## Work required
Your answer should hold exactly the lines below from the line with "Located in the" through the line with "W skład kolekcji", both included, and no pictures at all.

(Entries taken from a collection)
---
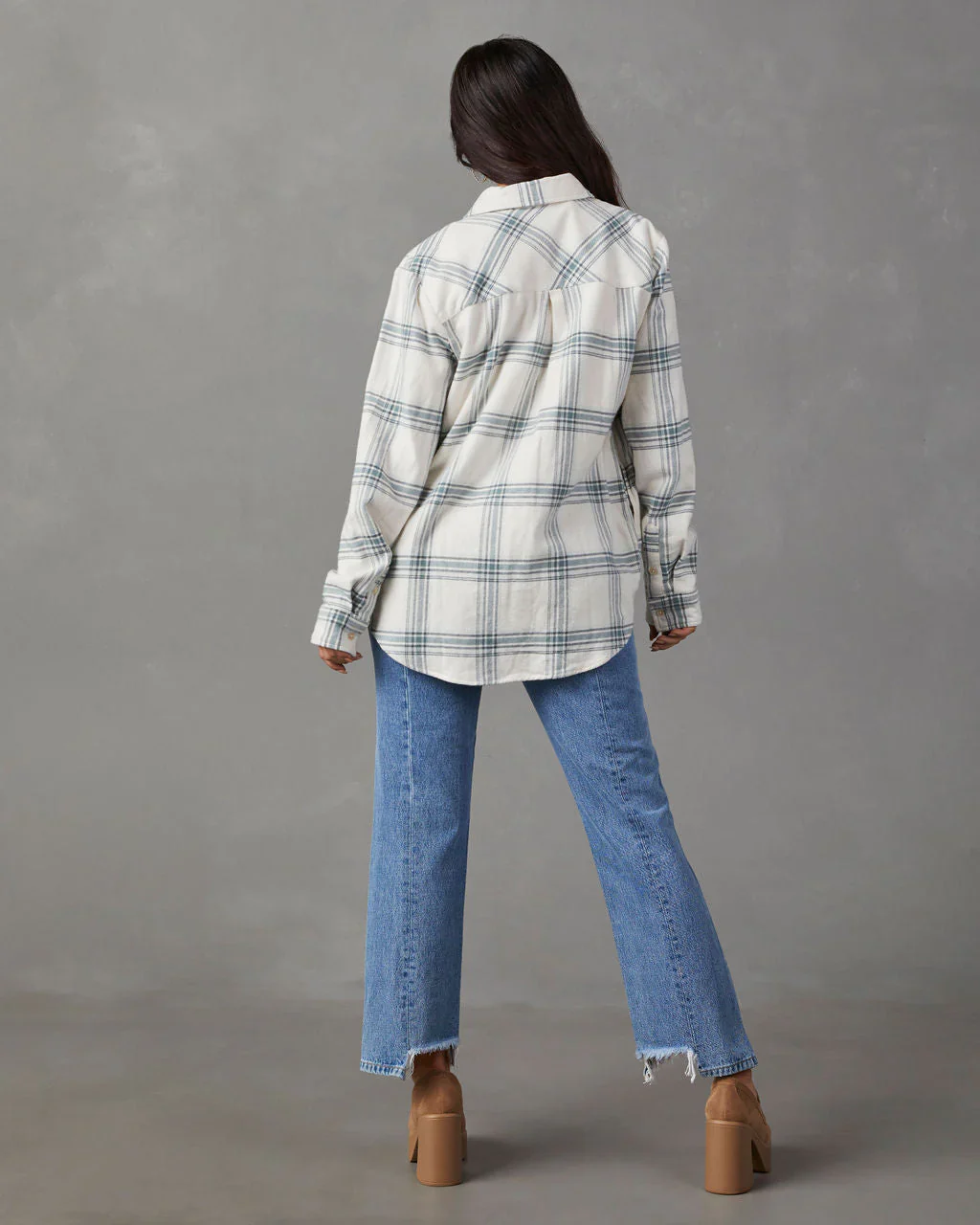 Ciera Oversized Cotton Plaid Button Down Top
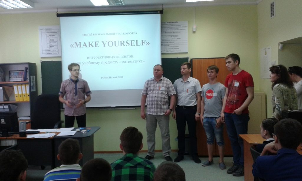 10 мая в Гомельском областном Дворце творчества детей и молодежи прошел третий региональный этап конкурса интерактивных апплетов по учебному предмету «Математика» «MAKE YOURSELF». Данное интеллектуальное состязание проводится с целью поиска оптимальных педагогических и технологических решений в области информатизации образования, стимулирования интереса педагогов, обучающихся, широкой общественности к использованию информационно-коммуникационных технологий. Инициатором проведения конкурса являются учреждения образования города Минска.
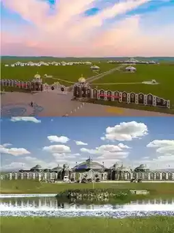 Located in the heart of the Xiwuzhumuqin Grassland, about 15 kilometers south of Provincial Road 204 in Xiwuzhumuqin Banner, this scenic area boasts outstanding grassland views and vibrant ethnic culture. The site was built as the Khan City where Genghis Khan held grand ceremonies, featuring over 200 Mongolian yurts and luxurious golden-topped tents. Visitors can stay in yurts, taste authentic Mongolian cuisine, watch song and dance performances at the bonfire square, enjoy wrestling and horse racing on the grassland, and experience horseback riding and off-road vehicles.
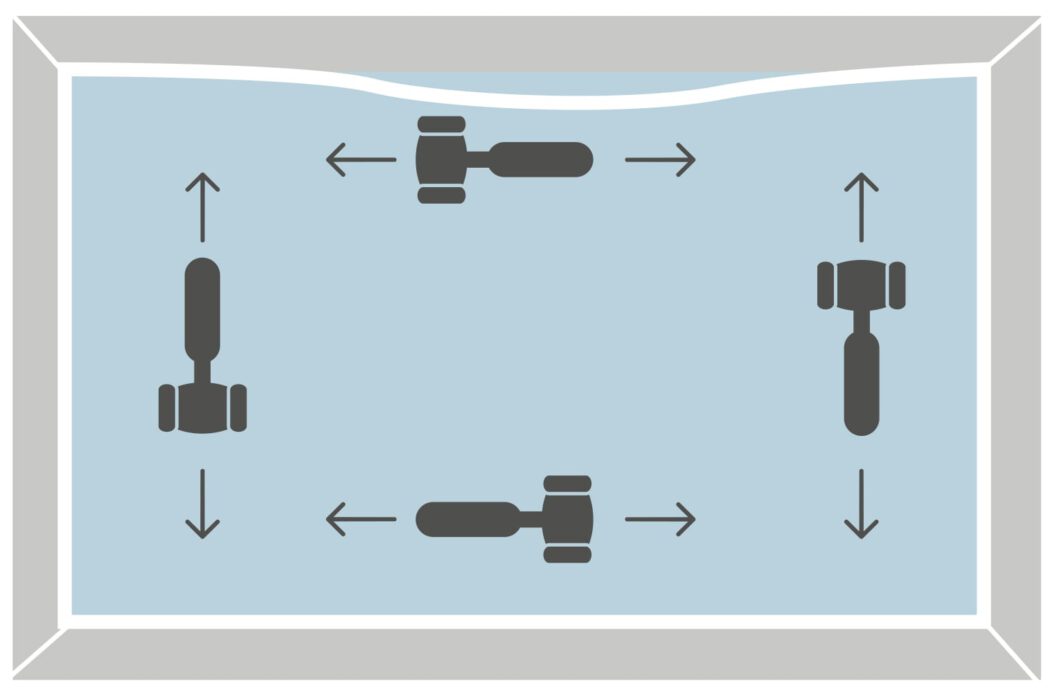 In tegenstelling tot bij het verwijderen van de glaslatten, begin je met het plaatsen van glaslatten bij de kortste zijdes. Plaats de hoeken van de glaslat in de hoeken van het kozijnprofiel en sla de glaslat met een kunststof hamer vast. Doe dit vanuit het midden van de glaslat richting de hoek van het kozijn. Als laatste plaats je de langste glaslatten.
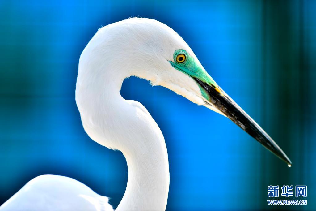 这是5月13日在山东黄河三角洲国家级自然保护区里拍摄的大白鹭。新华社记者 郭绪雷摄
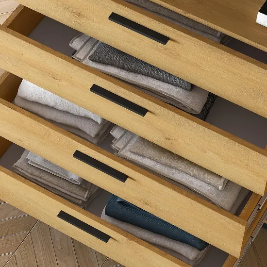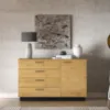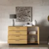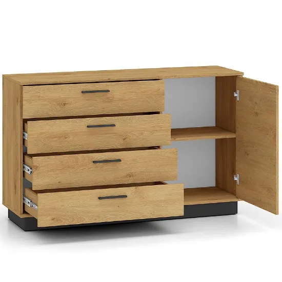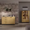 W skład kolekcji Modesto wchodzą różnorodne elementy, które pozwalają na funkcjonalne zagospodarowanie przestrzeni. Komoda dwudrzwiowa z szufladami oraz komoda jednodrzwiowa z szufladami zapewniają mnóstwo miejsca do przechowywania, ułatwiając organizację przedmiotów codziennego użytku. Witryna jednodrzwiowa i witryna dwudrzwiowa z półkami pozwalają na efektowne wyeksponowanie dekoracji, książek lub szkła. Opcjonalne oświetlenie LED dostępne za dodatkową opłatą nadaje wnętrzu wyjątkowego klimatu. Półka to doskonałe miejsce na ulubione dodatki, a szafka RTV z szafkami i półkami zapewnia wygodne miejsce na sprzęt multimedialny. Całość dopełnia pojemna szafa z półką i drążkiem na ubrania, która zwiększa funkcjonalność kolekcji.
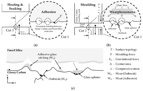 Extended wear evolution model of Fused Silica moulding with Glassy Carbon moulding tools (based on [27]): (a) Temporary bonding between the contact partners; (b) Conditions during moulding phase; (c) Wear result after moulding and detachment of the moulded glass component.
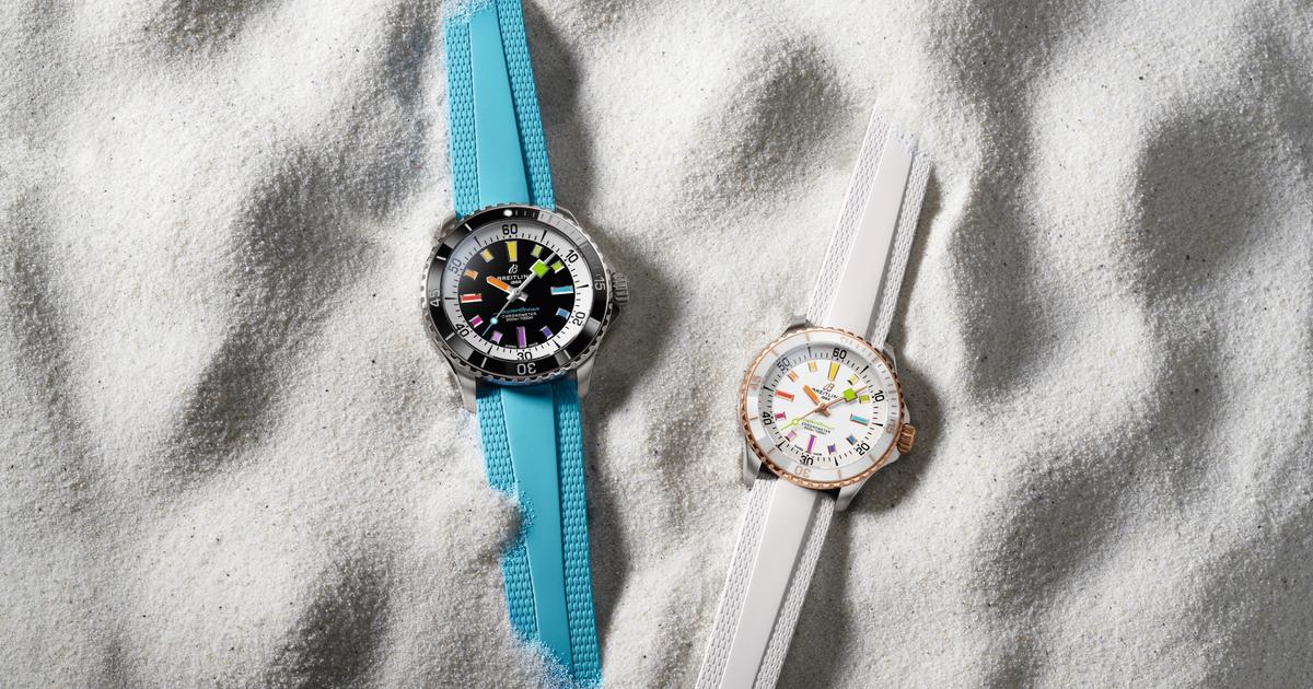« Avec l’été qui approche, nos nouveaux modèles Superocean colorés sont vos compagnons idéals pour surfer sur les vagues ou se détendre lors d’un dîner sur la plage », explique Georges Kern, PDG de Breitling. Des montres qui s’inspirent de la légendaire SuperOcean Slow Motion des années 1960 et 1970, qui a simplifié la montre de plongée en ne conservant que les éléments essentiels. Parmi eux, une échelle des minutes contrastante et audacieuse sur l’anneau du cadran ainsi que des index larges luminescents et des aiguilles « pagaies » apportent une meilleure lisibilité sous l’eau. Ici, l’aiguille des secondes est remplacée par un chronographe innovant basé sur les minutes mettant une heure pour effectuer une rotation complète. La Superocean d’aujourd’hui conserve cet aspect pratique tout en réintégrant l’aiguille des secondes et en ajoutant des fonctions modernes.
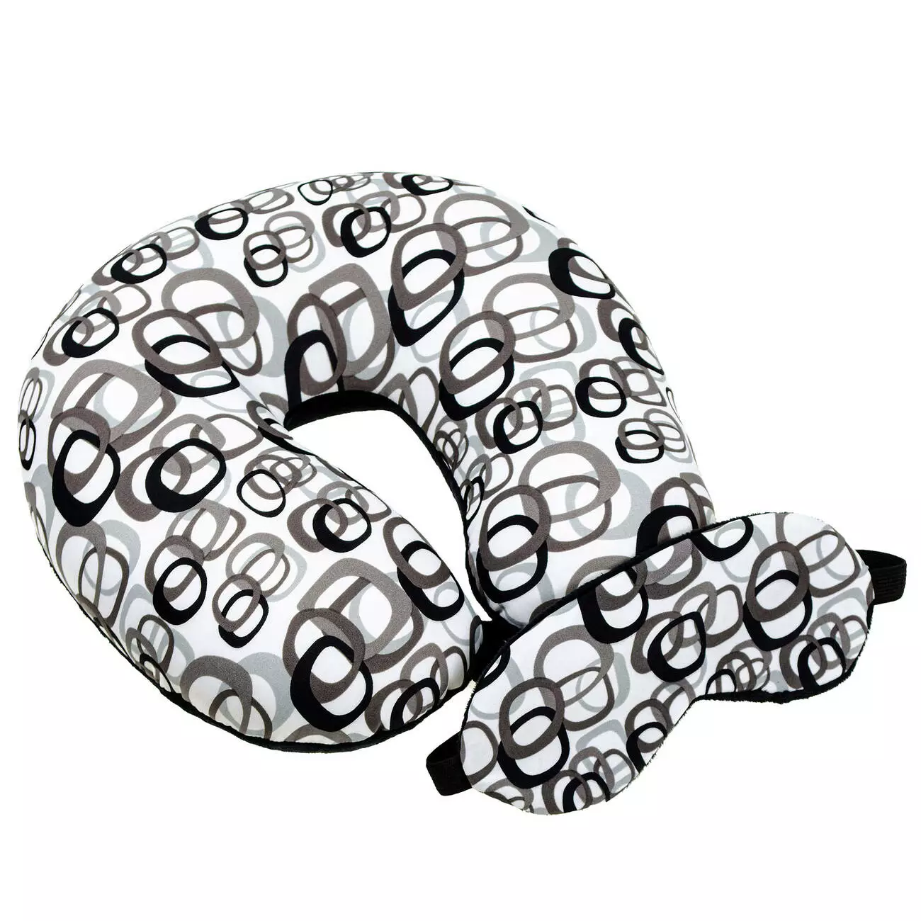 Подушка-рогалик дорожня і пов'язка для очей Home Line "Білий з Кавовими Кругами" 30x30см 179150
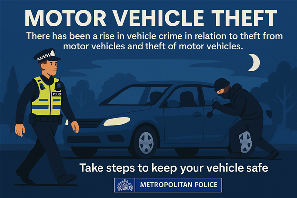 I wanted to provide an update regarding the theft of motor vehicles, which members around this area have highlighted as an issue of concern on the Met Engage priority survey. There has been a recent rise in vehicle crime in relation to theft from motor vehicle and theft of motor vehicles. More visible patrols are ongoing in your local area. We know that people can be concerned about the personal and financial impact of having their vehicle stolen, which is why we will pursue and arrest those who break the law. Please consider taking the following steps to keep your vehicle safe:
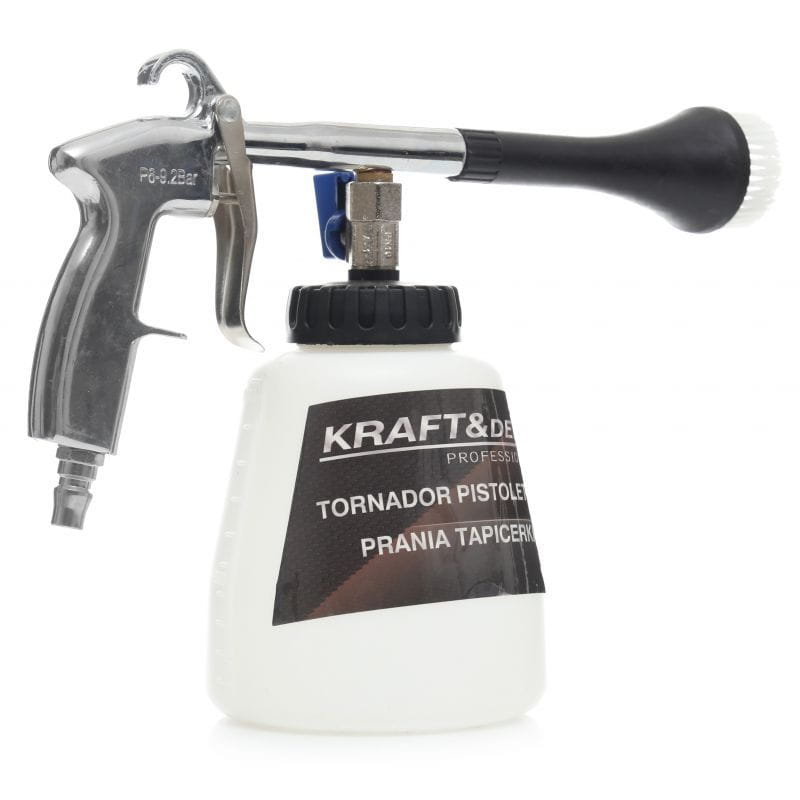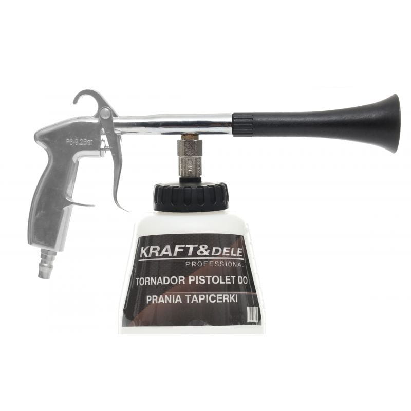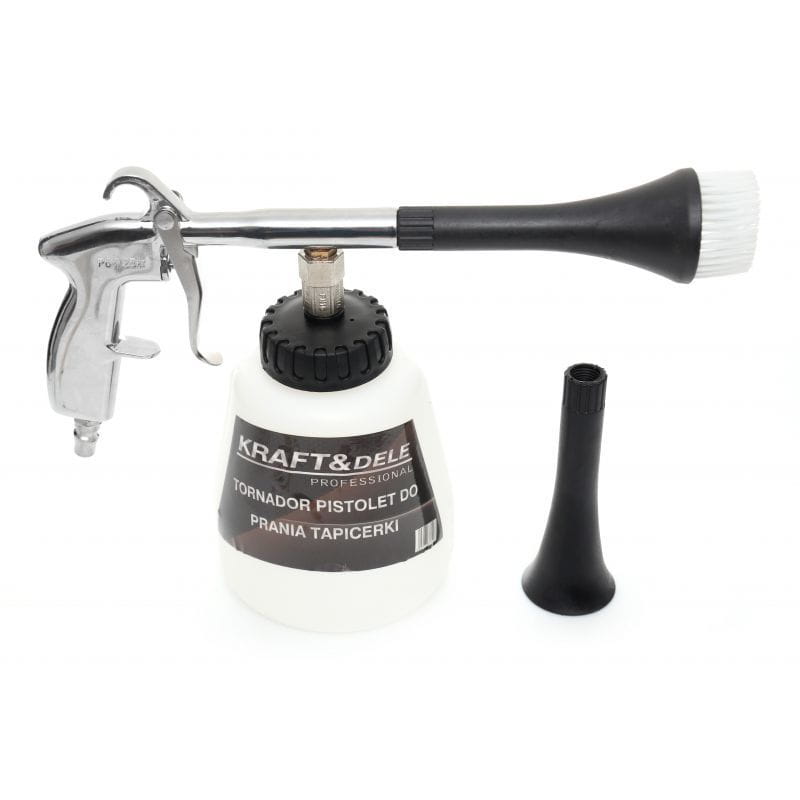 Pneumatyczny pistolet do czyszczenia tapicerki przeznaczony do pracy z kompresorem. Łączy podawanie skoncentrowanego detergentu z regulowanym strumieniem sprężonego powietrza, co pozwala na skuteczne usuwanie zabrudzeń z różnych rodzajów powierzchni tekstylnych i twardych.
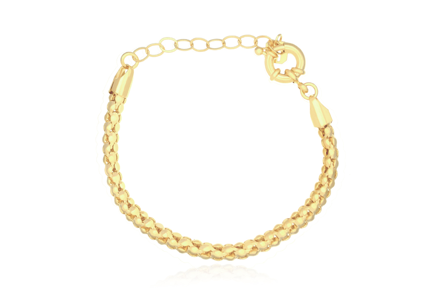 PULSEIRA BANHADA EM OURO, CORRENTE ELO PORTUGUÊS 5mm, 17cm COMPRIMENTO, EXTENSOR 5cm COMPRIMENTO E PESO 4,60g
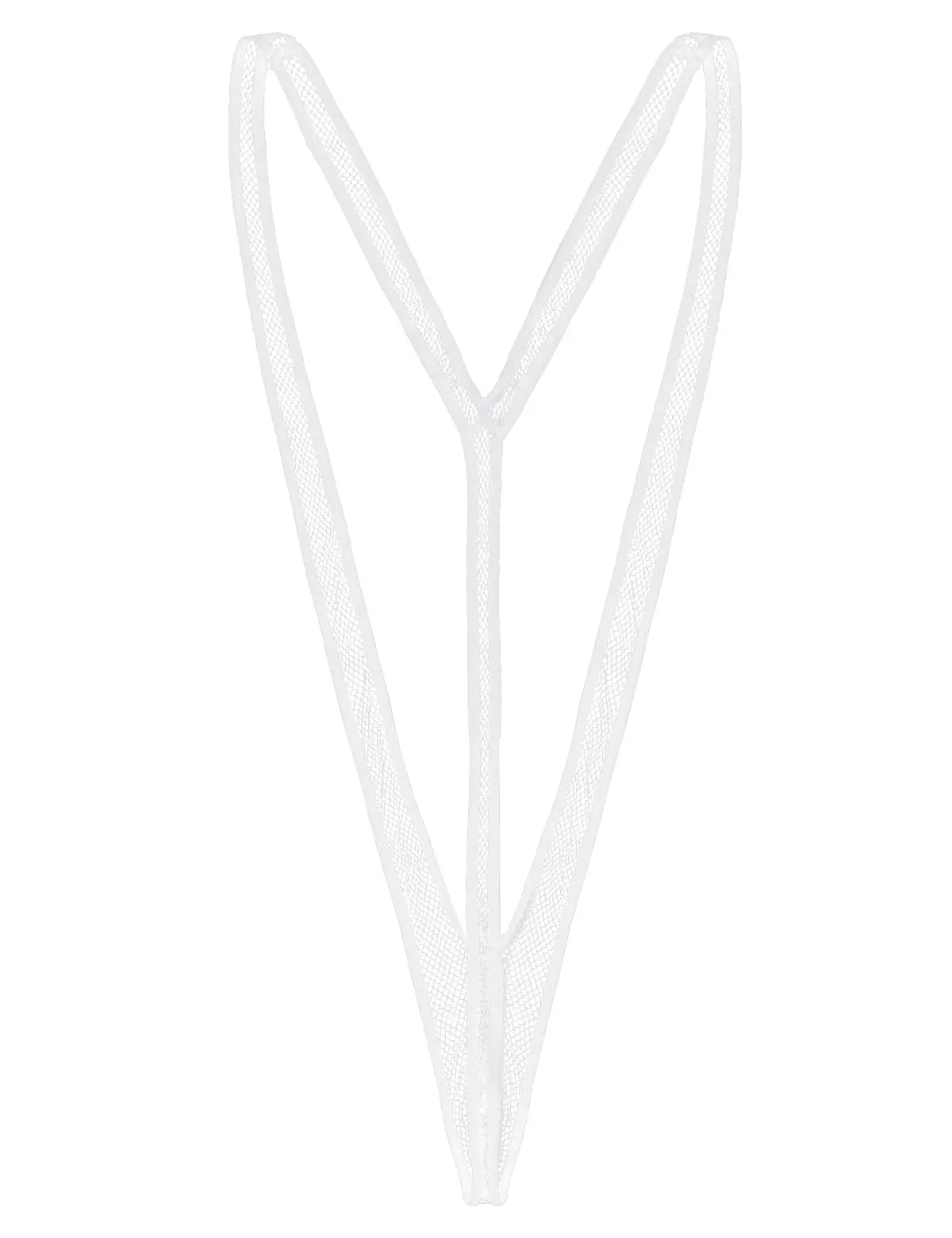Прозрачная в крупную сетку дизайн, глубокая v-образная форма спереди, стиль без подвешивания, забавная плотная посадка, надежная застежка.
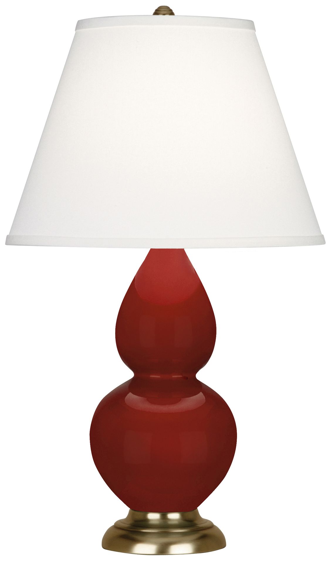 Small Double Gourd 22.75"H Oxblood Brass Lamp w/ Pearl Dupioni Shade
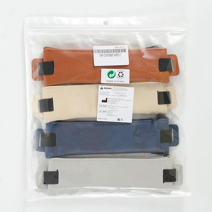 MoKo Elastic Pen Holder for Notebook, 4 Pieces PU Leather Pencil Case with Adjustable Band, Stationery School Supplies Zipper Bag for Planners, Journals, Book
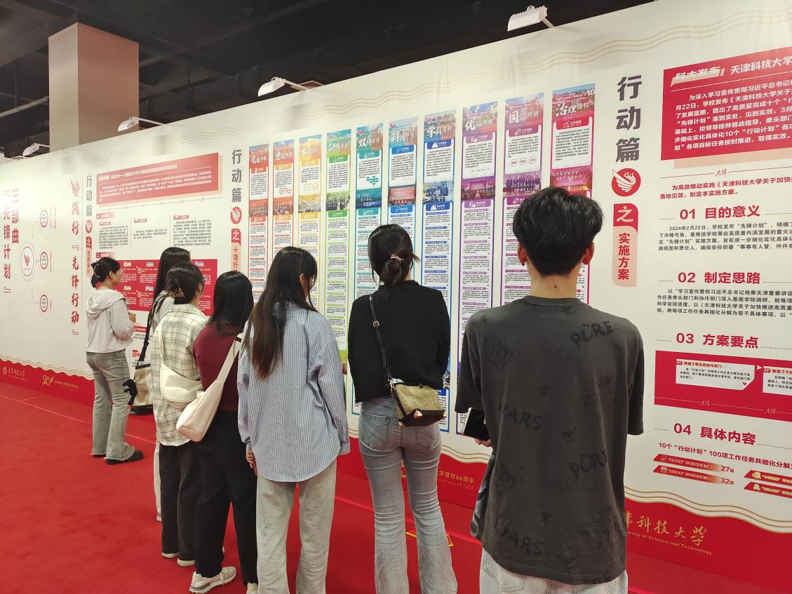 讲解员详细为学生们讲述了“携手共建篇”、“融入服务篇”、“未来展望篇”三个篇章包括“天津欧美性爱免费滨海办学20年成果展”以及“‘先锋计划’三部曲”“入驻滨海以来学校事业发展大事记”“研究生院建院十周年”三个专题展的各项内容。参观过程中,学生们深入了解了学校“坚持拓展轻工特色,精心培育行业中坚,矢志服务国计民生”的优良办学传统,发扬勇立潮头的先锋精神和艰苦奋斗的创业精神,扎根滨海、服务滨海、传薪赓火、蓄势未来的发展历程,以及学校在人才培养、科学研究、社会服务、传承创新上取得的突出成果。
---
## Exercise answer
 Located in the heart of the Xiwuzhumuqin Grassland, about 15 kilometers south of Provincial Road 204 in Xiwuzhumuqin Banner, this scenic area boasts outstanding grassland views and vibrant ethnic culture. The site was built as the Khan City where Genghis Khan held grand ceremonies, featuring over 200 Mongolian yurts and luxurious golden-topped tents. Visitors can stay in yurts, taste authentic Mongolian cuisine, watch song and dance performances at the bonfire square, enjoy wrestling and horse racing on the grassland, and experience horseback riding and off-road vehicles.
 In tegenstelling tot bij het verwijderen van de glaslatten, begin je met het plaatsen van glaslatten bij de kortste zijdes. Plaats de hoeken van de glaslat in de hoeken van het kozijnprofiel en sla de glaslat met een kunststof hamer vast. Doe dit vanuit het midden van de glaslat richting de hoek van het kozijn. Als laatste plaats je de langste glaslatten.
 这是5月13日在山东黄河三角洲国家级自然保护区里拍摄的大白鹭。新华社记者 郭绪雷摄
 W skład kolekcji Modesto wchodzą różnorodne elementy, które pozwalają na funkcjonalne zagospodarowanie przestrzeni. Komoda dwudrzwiowa z szufladami oraz komoda jednodrzwiowa z szufladami zapewniają mnóstwo miejsca do przechowywania, ułatwiając organizację przedmiotów codziennego użytku. Witryna jednodrzwiowa i witryna dwudrzwiowa z półkami pozwalają na efektowne wyeksponowanie dekoracji, książek lub szkła. Opcjonalne oświetlenie LED dostępne za dodatkową opłatą nadaje wnętrzu wyjątkowego klimatu. Półka to doskonałe miejsce na ulubione dodatki, a szafka RTV z szafkami i półkami zapewnia wygodne miejsce na sprzęt multimedialny. Całość dopełnia pojemna szafa z półką i drążkiem na ubrania, która zwiększa funkcjonalność kolekcji.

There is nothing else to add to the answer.